>>>

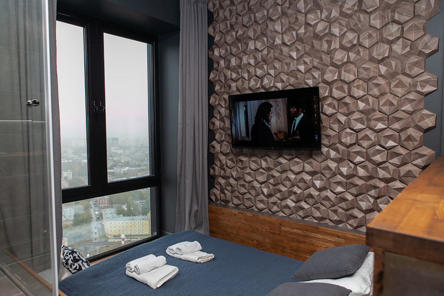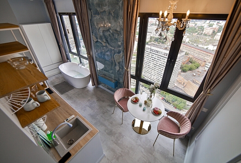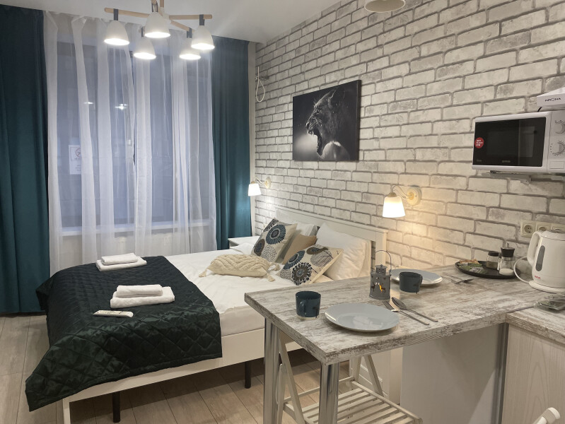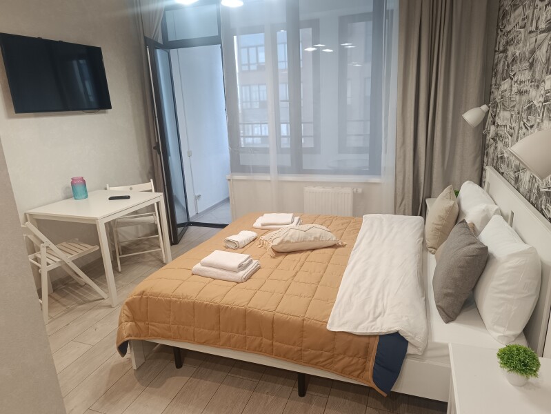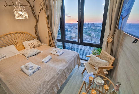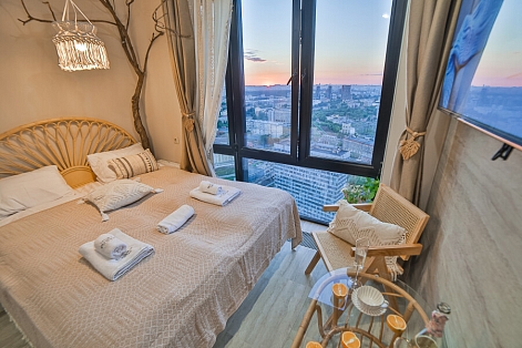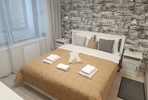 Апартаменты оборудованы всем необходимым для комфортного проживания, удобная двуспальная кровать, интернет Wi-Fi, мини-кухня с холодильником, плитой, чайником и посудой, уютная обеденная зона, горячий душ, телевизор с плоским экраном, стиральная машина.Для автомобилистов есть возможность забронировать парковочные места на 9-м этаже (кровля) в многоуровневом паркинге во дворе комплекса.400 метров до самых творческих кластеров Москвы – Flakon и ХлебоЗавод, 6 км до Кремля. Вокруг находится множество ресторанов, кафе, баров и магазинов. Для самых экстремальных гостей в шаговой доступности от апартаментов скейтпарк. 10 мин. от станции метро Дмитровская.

<<<
>>>

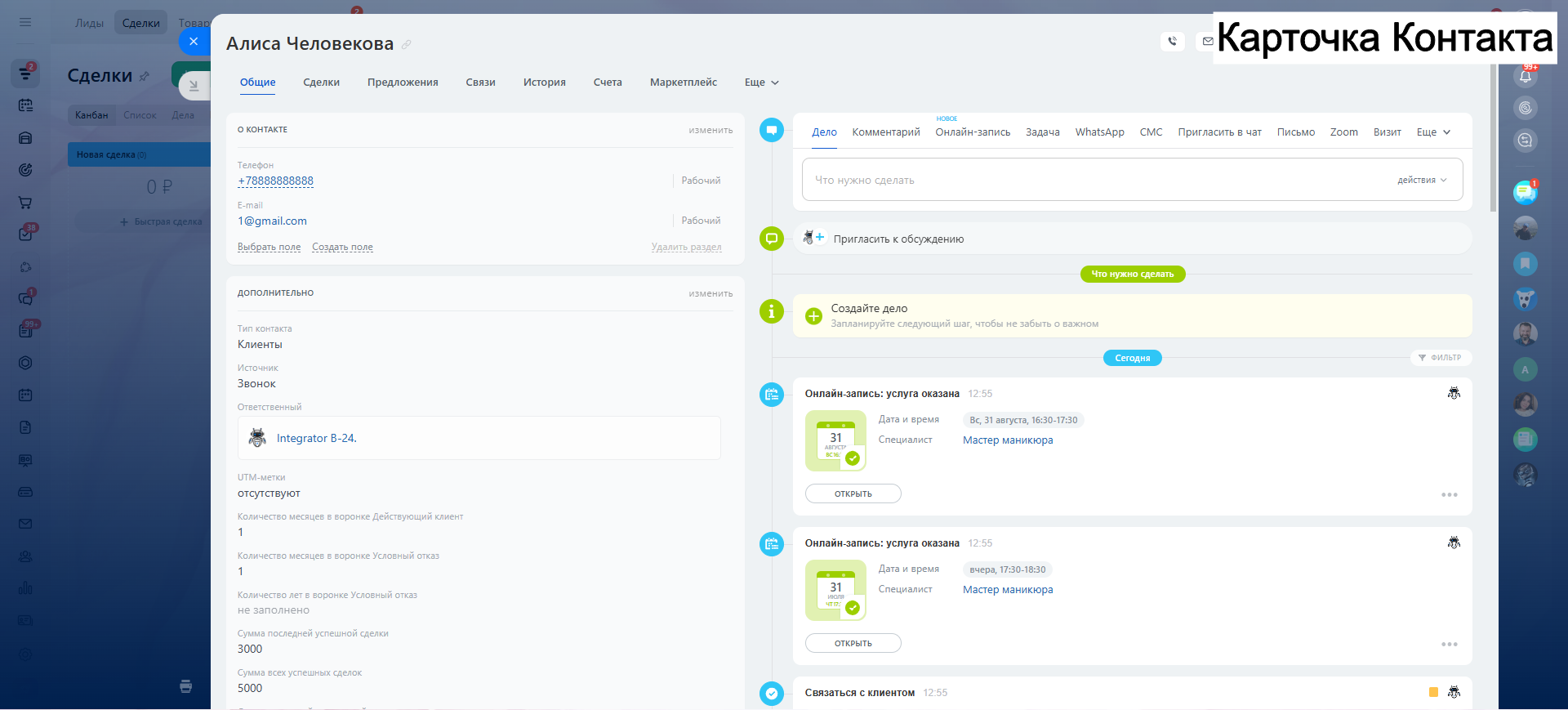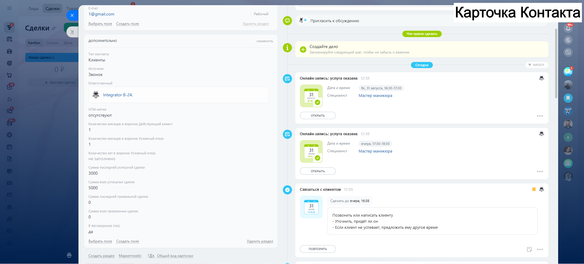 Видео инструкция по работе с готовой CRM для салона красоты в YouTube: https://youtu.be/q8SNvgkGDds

<<<
>>>

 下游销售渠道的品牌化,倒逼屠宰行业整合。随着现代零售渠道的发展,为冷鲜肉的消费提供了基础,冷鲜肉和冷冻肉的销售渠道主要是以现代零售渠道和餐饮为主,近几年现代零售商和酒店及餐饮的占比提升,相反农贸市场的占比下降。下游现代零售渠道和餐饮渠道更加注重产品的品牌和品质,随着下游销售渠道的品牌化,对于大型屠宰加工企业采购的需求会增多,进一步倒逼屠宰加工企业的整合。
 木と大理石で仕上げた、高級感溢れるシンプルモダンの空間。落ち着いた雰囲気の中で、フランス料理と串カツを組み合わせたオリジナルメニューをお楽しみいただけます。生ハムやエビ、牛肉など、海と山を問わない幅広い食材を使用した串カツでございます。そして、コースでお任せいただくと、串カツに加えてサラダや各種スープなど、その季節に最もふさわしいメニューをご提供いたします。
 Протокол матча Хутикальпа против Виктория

<<<

■ Requirement ■
In the listing above, start at the line with "木と大理石で仕上げた、高級感", go on through the line with "Протокол матча Хутикальпа против Виктория", and copy each of those lines exactly; leave out all the rest.

■ Expected answer ■
 木と大理石で仕上げた、高級感溢れるシンプルモダンの空間。落ち着いた雰囲気の中で、フランス料理と串カツを組み合わせたオリジナルメニューをお楽しみいただけます。生ハムやエビ、牛肉など、海と山を問わない幅広い食材を使用した串カツでございます。そして、コースでお任せいただくと、串カツに加えてサラダや各種スープなど、その季節に最もふさわしいメニューをご提供いたします。
 Протокол матча Хутикальпа против Виктория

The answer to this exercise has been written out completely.